Directions: Copy the data precisely, character for character, and leave out every picture.

Material provided:
Start of Block

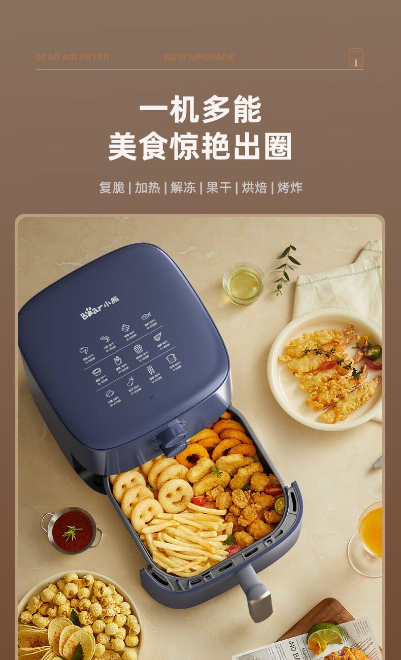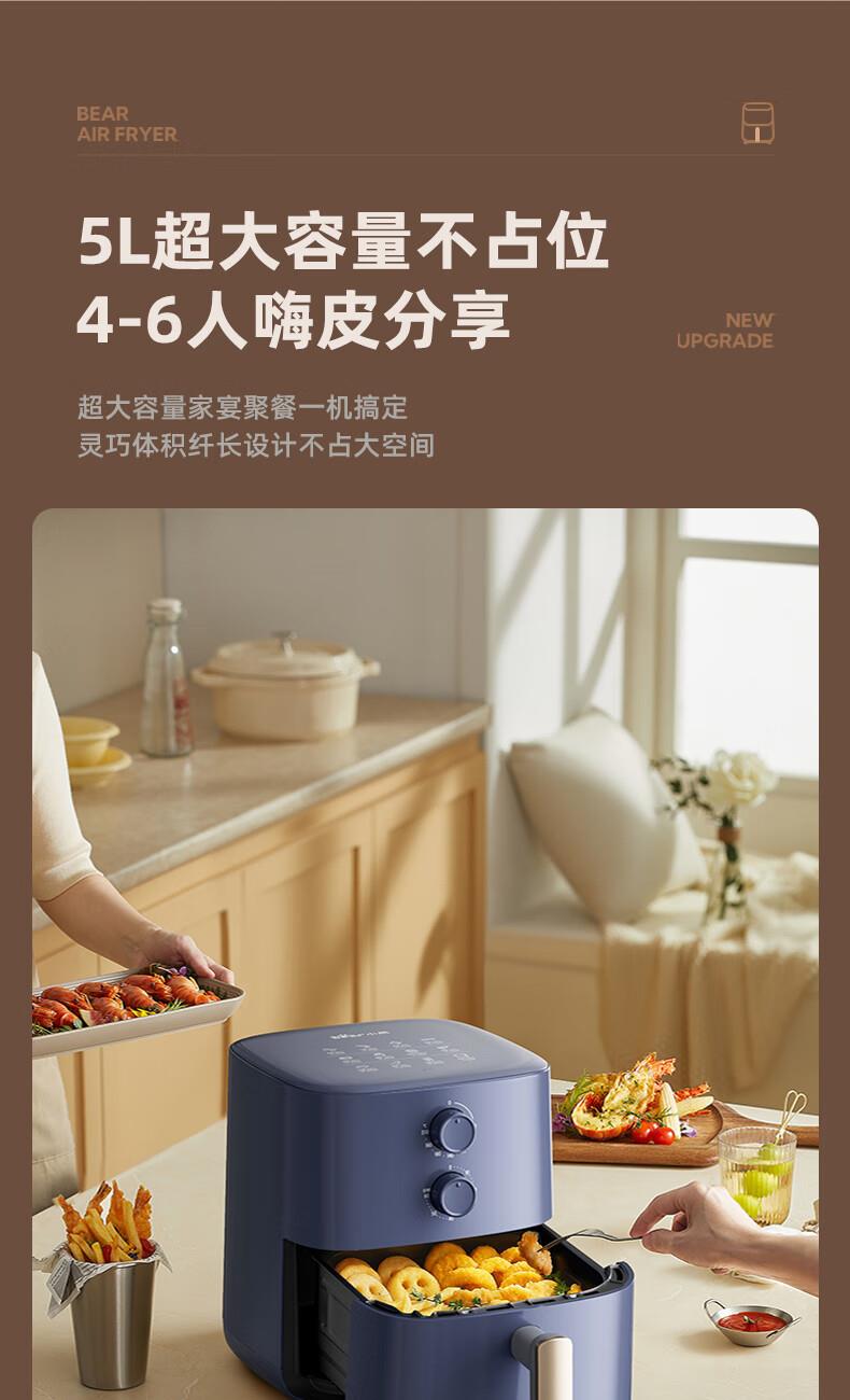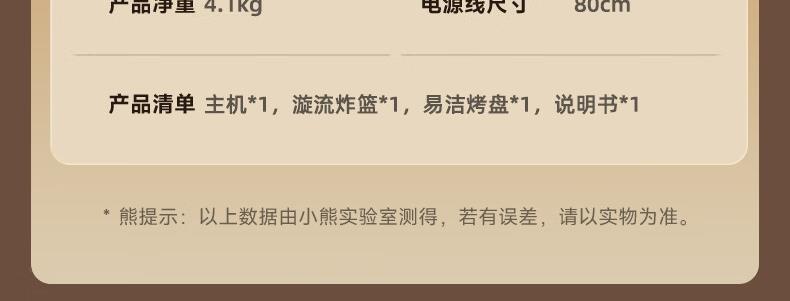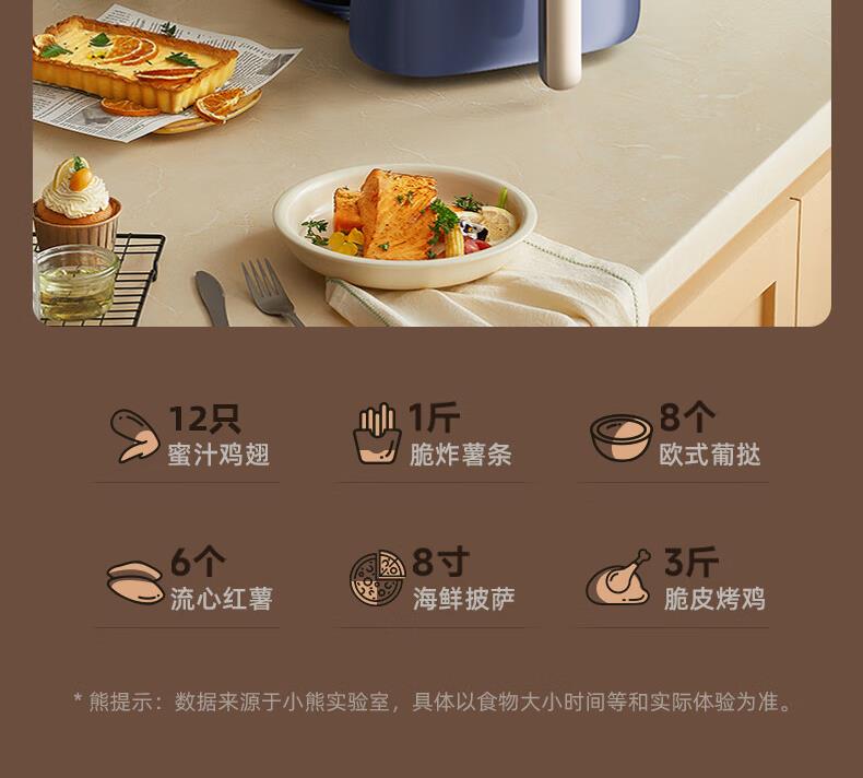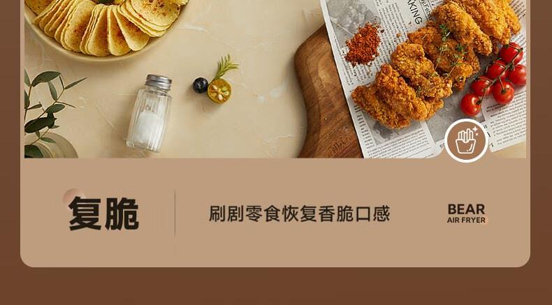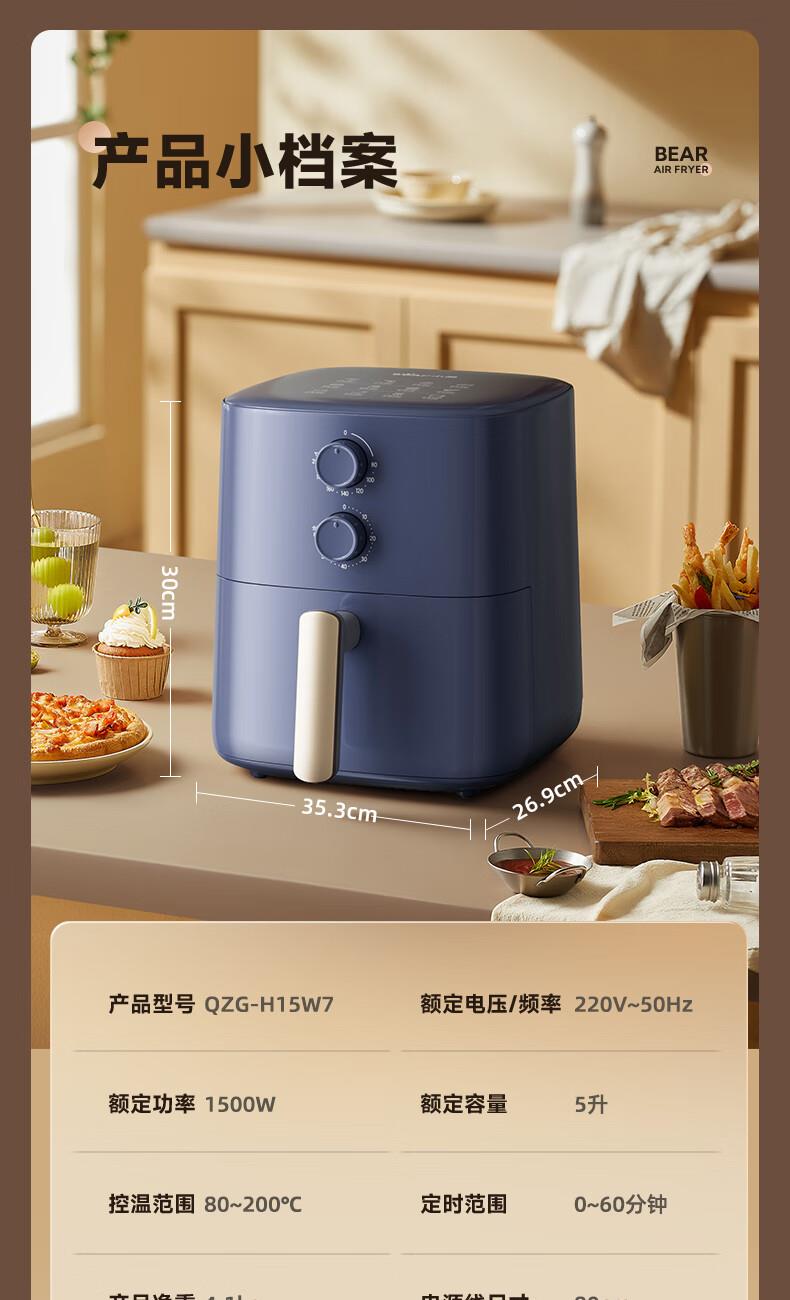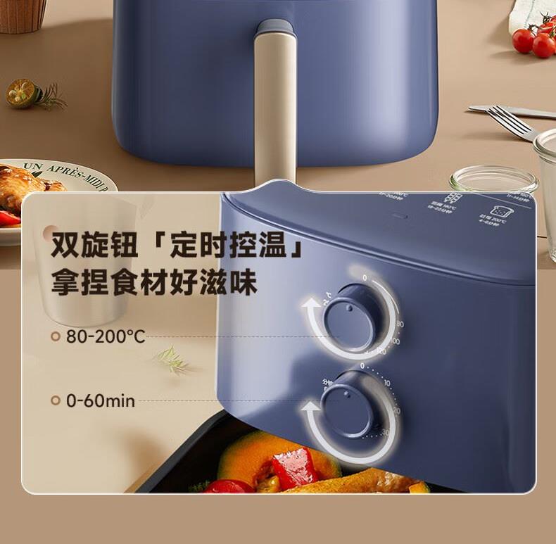 容量 5L 额定功率 1500W加热 产品重量 4KG 包装尺寸 391*316*347 1、免翻面结构设计 2、微蒸汽嫩烤,通过微蒸汽嫩烤补充食物水分 3、低噪音结构设计,噪音低至46db 4、5L家庭大容量 5、双旋钮操作简易方便,适合老人小孩
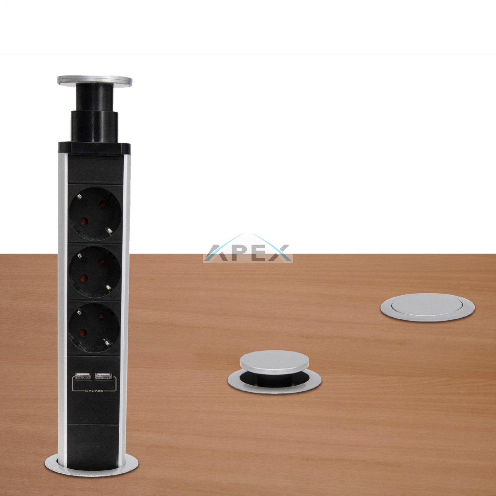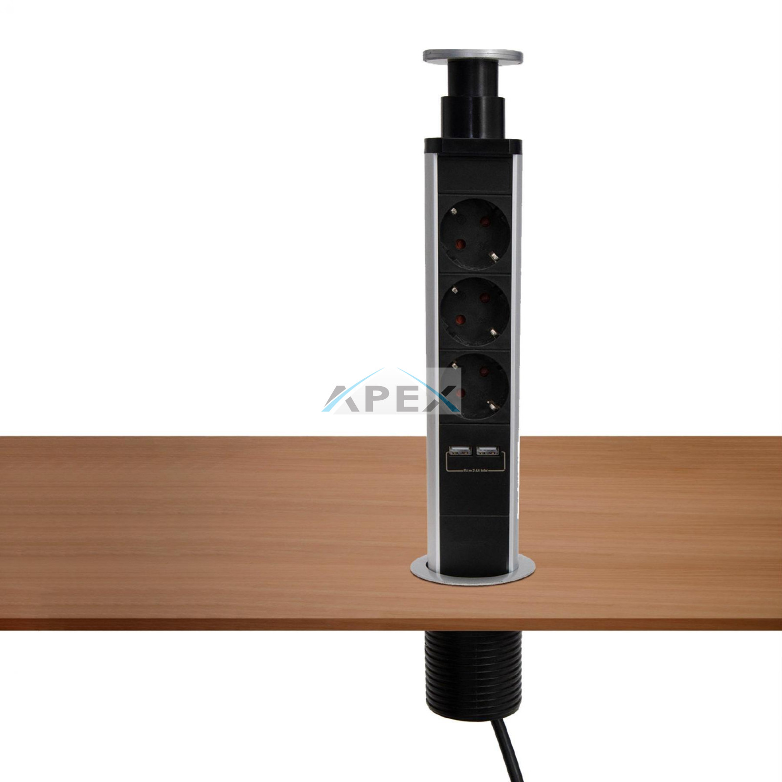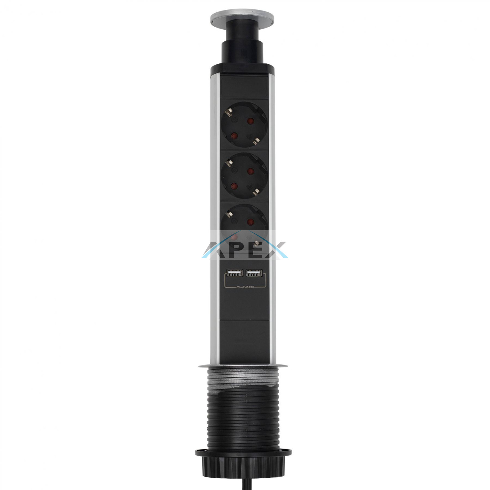 Home NVE 3/USB süllyesztett elosztó USB töltőaljzatokkal, 1,4 m, 3 földelt aljzat gyermekvédelemmel, asztalba, munkalapba építhető, süllyeszthető, max. 3680 W
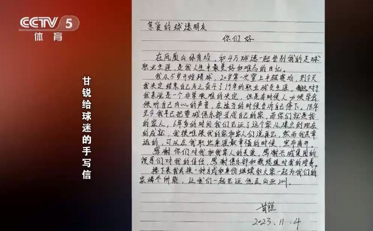 最后,甘锐还通过节目,亲自读出了自己给球迷的手写信:“亲爱的球迷朋友们,你们好。在凤凰山体育场,和全场四万名球迷一起告别我的足球职业生涯,是我人生中最美好的回忆,我从5岁开始踢球,20岁第一次登上中超赛场,到今天我决定结束自己为之奋斗了19年的职业生涯,这对于我来说是一个非常艰难的决定,但是有时候人必须学会倾听自己内心的声音,在适当的时候告诉自己停下。2018年至今,我早已把蓉城俱乐部当做自己的家,而你们就是我的家人,6年多的时间,我们见证了这个家从刚建立,到现在的成就,我很难跟我的家,和家人们说再见。”
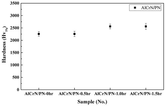 Hardness analysis results for the continuous deposition of the AlCrN coatings on the WC-Co substrates following plasma nitriding treatment with different durations.

End of Block

The completed task:
 容量 5L 额定功率 1500W加热 产品重量 4KG 包装尺寸 391*316*347 1、免翻面结构设计 2、微蒸汽嫩烤,通过微蒸汽嫩烤补充食物水分 3、低噪音结构设计,噪音低至46db 4、5L家庭大容量 5、双旋钮操作简易方便,适合老人小孩
 Home NVE 3/USB süllyesztett elosztó USB töltőaljzatokkal, 1,4 m, 3 földelt aljzat gyermekvédelemmel, asztalba, munkalapba építhető, süllyeszthető, max. 3680 W
 最后,甘锐还通过节目,亲自读出了自己给球迷的手写信:“亲爱的球迷朋友们,你们好。在凤凰山体育场,和全场四万名球迷一起告别我的足球职业生涯,是我人生中最美好的回忆,我从5岁开始踢球,20岁第一次登上中超赛场,到今天我决定结束自己为之奋斗了19年的职业生涯,这对于我来说是一个非常艰难的决定,但是有时候人必须学会倾听自己内心的声音,在适当的时候告诉自己停下。2018年至今,我早已把蓉城俱乐部当做自己的家,而你们就是我的家人,6年多的时间,我们见证了这个家从刚建立,到现在的成就,我很难跟我的家,和家人们说再见。”
 Hardness analysis results for the continuous deposition of the AlCrN coatings on the WC-Co substrates following plasma nitriding treatment with different durations.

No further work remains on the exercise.